Paperwork galore… Why so many errors?… Multitasking myths… More Managua photos…

A colorful collection of hammock slings in the Market Restaurant at the Real Intercontinental Metrocentre Managua.

“Sightings from the Veranda in Costa Rica”

Tom got this distant shot of the Montezuma Oropendola, which is a New World tropical icterid bird. It is a resident breeder in the Caribbean coastal lowlands from southeastern Mexico to central Panama but is absent from El Salvador and southern Guatemala.

We spent most of the day yesterday working on paperwork. I prepared a new food list for today’s appointment, which must be reviewed by the doctor for the upcoming Antarctica cruise. We completed all the forms necessary for the appointment, leaving the remainder required for the doctor to enter.

The lunch buffet at the Real Intercontinental Metrocentre Managua Hotel in Managua, Nicaragua, was tempting. But, after the complimentary breakfast, neither of us was interested in lunch, a meal we rarely consume.

We must always do some paperwork for various world travel and financial matters, including gobs of forms to print, sign, scan, and email.
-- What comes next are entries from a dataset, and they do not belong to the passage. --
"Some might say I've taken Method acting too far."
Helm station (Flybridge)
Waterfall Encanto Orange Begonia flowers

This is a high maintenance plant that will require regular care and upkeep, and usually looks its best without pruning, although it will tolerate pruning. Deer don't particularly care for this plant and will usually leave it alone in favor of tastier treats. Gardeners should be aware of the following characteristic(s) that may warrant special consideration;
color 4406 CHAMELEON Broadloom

Some documents require faxing. Who still uses fax machines?  Aren’t they obsolete?

Most of the items in this buffet were suitable for my way of eating.
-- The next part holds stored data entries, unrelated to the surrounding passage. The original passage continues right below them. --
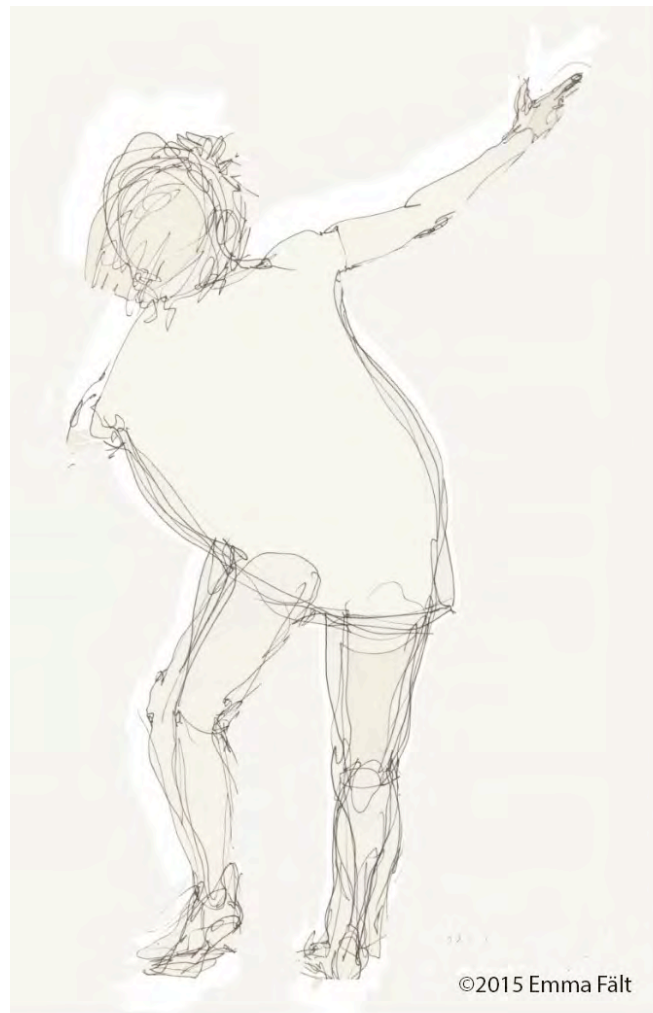
Figure 6. Hesitant search for a common tune (Tango dancer)

The Tango dancer explained that the stumbling and wobbling in her performance described her frustration at the poor leadership (Figure 6). This frustration was caused in particular by the controlled and slow decision-making in the organization. Afterwards, however, the dance performance compelled her to contemplate her own attitude towards these problems. The most important consequence of this pondering was that the Tango dancer ended up considering what she herself could do to solve these problems.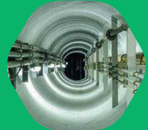
Underground Electric System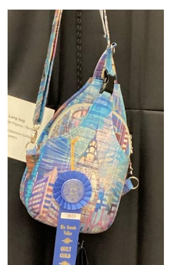
First – My Sling A Long Bag By Renee Pageau

WEARABLE: Clothing, jackets, christening gowns, skirts, vests, and accessories such as purses, bags, totes, shoes, slippers and hats.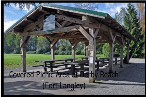
Covered Picnic Area at Derby Reach (Fort Langley)

It would appear that September will continue to be a challenge for us to get together to host our “No Bell” brunch, welcome new retirees to the LRTA, and to have our AGM. In the interest of safety for our members, we have arranged a “No Bell” picnic at Derby Reach on the outskirts of Fort Langley on September 8, 2020 from 11:00 - 2:00 p.m. It will be a BYOL (Bring your own lunch) event and you would bring your own folding chairs, and picnic items. We have reserved the covered area for the day and we will keep our fingers crossed for decent weather. Derby Reach is part of Metro Vancouver Regional Parks, located on the banks of the Fraser River, at 21801 Allard Crescent, Langley BC. There are picnic tables and outdoor washroom facilities available. We will not try to host a meeting at this picnic but hope you might like to join us for a social afternoon.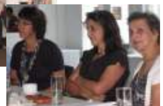
Right: Three very attentive Anastasiou (Penglis) family members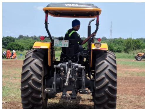
Refugee trainee in the driving seat

01 Country Office in Accra 01 Field Office in Takoradi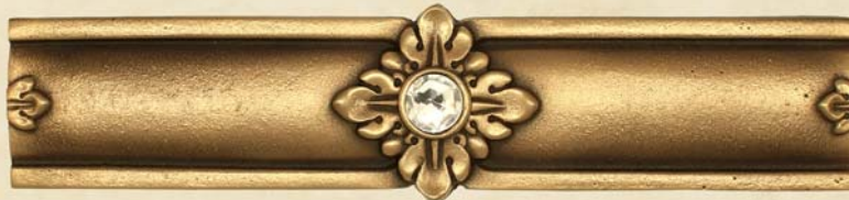
Acanthus Liner Crystal, Bronze 218ALC-B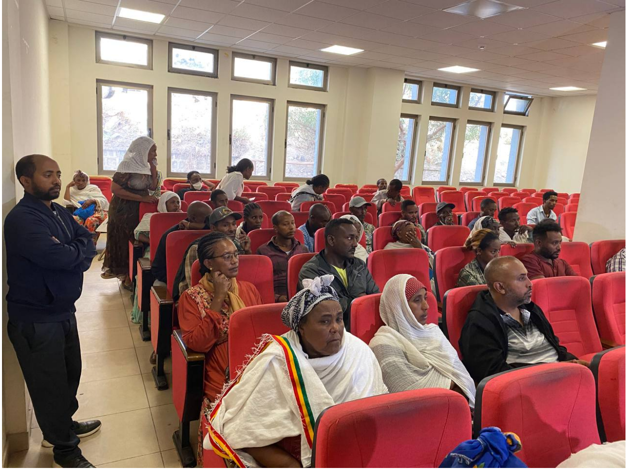
World kidney day screening at university of gondar on march 13, 2025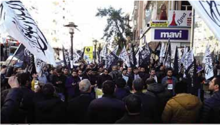
Kudüs "İsrail'i Baskent Değil Mezar Olacaktır!"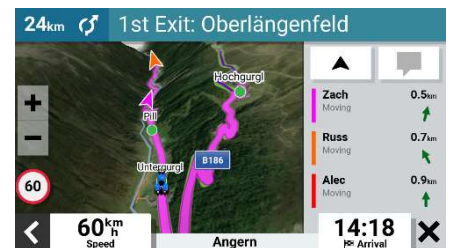
GROUP RIDE MOBILE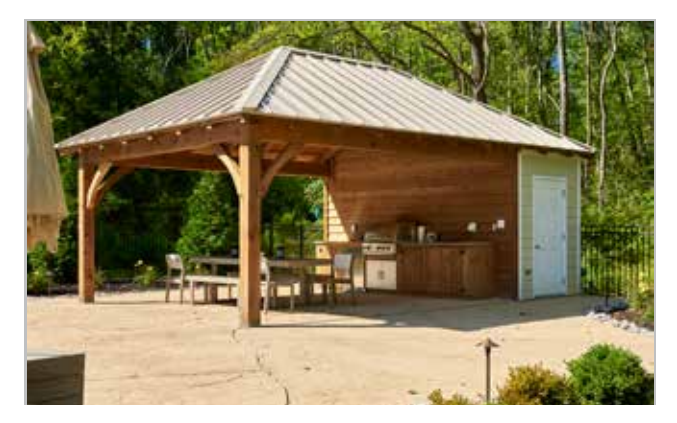
Timber Frame Avalon Pool House / 16' x 24'

Options Shown: Banyan Brown Stain, Harvard Slate Shingles, Hip Roof with Reverse A-Frame Open Gable, Cedar Siding under Pavilion, Stone Piers, 30" Carlisle Copper Top Cupola, Electrical Package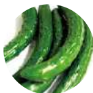
Cucumis Sativus (Cucumber) Fruit Extract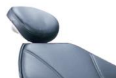
Boutique & fashionable waist headrest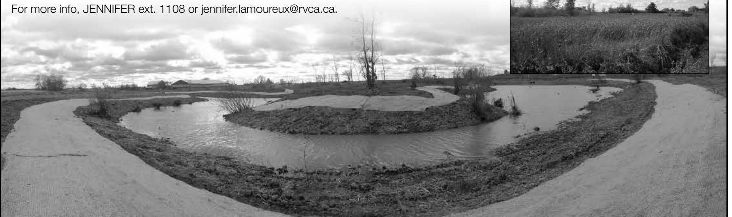
Top — dedicated volunteers help stabilize the new wetland shoreline. Middle — pre-construction. Bottom — panorama highlighting the stabilized shore and the new island.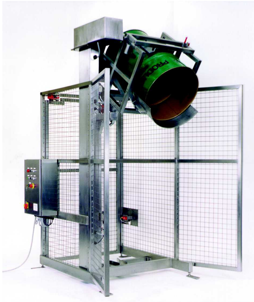
45 Gallon Drum Tipper

This 45 Gallon drum tipper is a single pillar drum tipper that is designed to lift and tip at a discharge height of 1400mm. The 45 Gallon drum tipper is constructed from Grade 304 stainless steel, is fully TIG welded throughout and will operate on a 'dead mans handle' principle. Lifting with the 45 Gallon drum tipper is achieved by a 3/4" Simplex chain driven by a motor gearbox mounted at the top of the main column. The 45 Gallon drum tipper is designed to be bolted to the floor.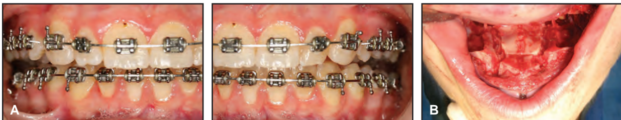
Fig. 1 A. Hanging posterior maxillary lingual cusp tips produced with presurgical orthodontic arch development and excessive labial crown torque. Multisegment maxillary surgery was required to upright posterior segments and establish occlusion. B. Photograph of nasal floor during surgery shows 8mm of expansion at osteotomy level and 0mm of expansion at dental level, resulting in unesthetic advancement of nasal base.

When we must fax a document, we can either email it to son Richard in Henderson, Nevada, during business hours or email it to our mailing service, where they can fax whatever we need. This is only concerning documents in the US, where all of our document processing is done with various businesses.
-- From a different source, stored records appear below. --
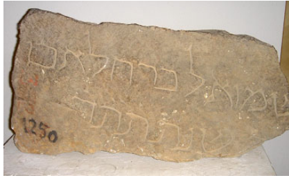
Fragment of matsevah in a museum

In 2001, looking ahead to some work slated for that area of the mount, the City Council of Barcelona undertook a campaign of excavations in a burial plot adjoining the one dug up in 1945. During the work, five hundred and fifty-seven graves and a single “matsevah” (headstone) were found. The complete report of this activity has not yet been completed, but an article with the study’s results was published detailing the morphology of the graves and the analysis of human remains.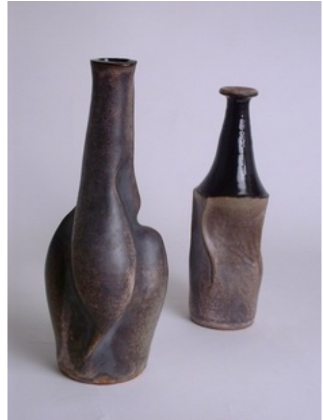
Two ceramic vases by Dahlia Kaufman 10"x3", 11"x4"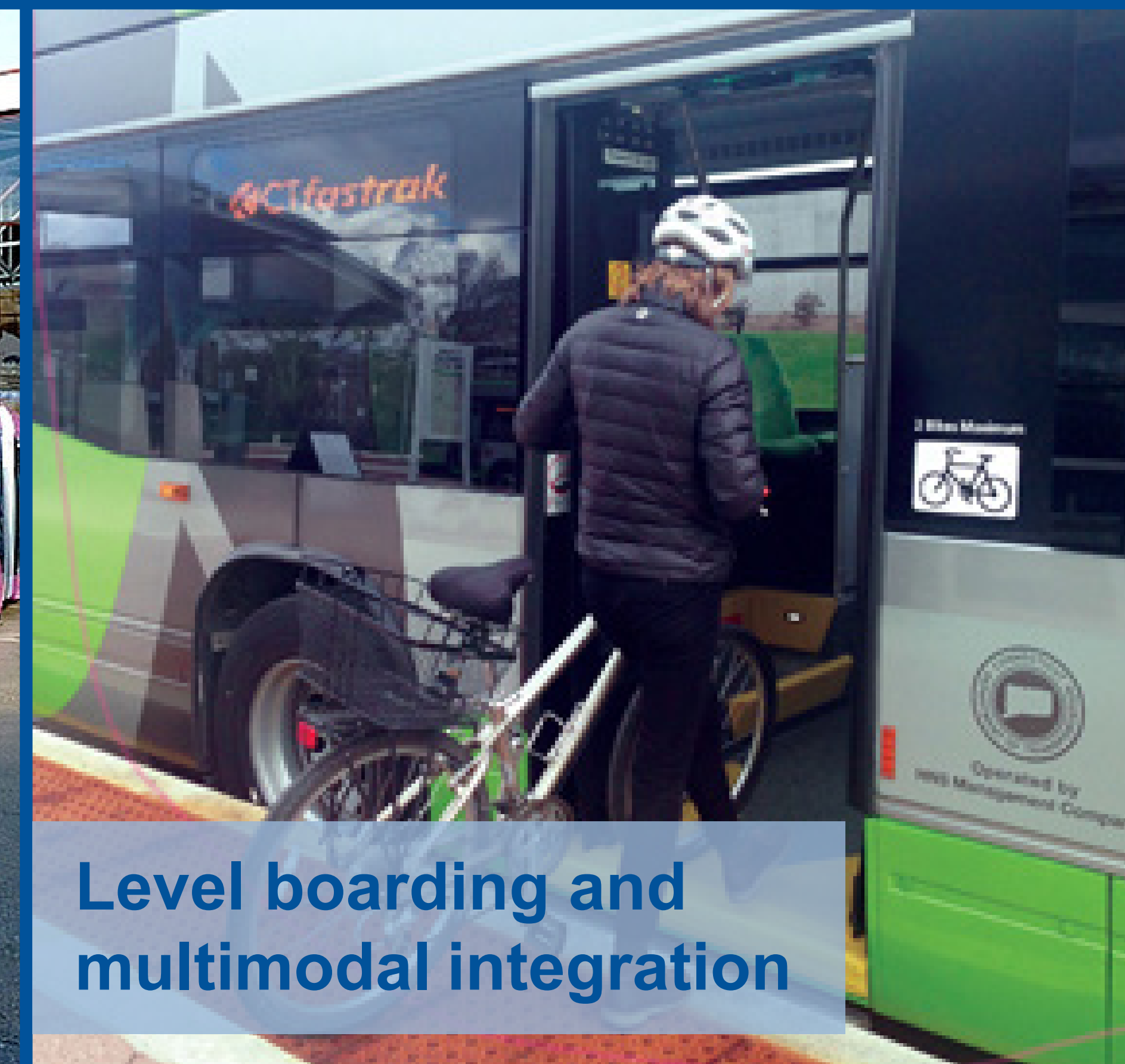
Level boarding and multimodal integration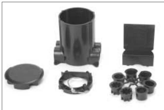
The Ratchet-Pro PVC Floor Box provides power and communication to open-space areas.

T he Walker Ratchet-Pro PVC Floor Box provides dual-service capability in a single, easy-to-install round floor box. This design allows the flexibility of providing power and communications to open-space areas in one aesthetic package. Applications include malls, shopping centers, department stores, airports, hospitals, and office buildings. This box is UL/cUL Listed for both grade and above grade concrete construction.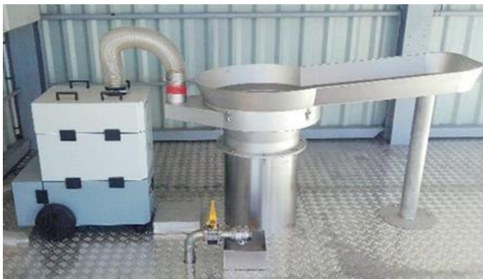
Figure 5: Barrel suction to capture rising dusts

Barrel suction – when filling containers, rising dusts had to be captured. This was done by means of a ring nozzle that surrounds the vessel opening.

Seafood, chicken, and ham are great additions to salads. 

Often, mistakes are made on the other end; lost documentation, failure to complete processing, and the necessity of frequently making phone calls using our Skype phone number to confirm everything are correctly done. 

This is time-consuming and disappointing. We’ve learned never to assume the paperwork was handled properly, and we tend to check and re-check many times to discover the task wasn’t completed. We could quote dozens of such incidents over these past five years, but…we won’t bore our readers with this.

A sushi bar at the hotel.  Tom doesn’t care for sushi which I used to love in my old life.  Now, without the rice in the sushi rolls, I have no interest.  Plus, I’ve lost my taste for raw fish over these past years of travel.

Oh, don’t get me wrong, we’re not exempt from making errors. In our old lives, I recall having to call when cable and other utility bills had errors. What’s the deal with this?  

Even while in Minnesota, we discovered I’d booked our flight to Nevada on the wrong date, and it cost us over US $700 (CRC 398,574), never to be recouped. It was the first significant booking error I’d made that couldn’t be reversed or revised in some manner.

Comfortable seating in the sushi bar.

We, humans, are undoubtedly responsible for the words “human error.” It’s rampant. And, even the most meticulous of us can find ourselves in a pickle from our errors. Why does this happen?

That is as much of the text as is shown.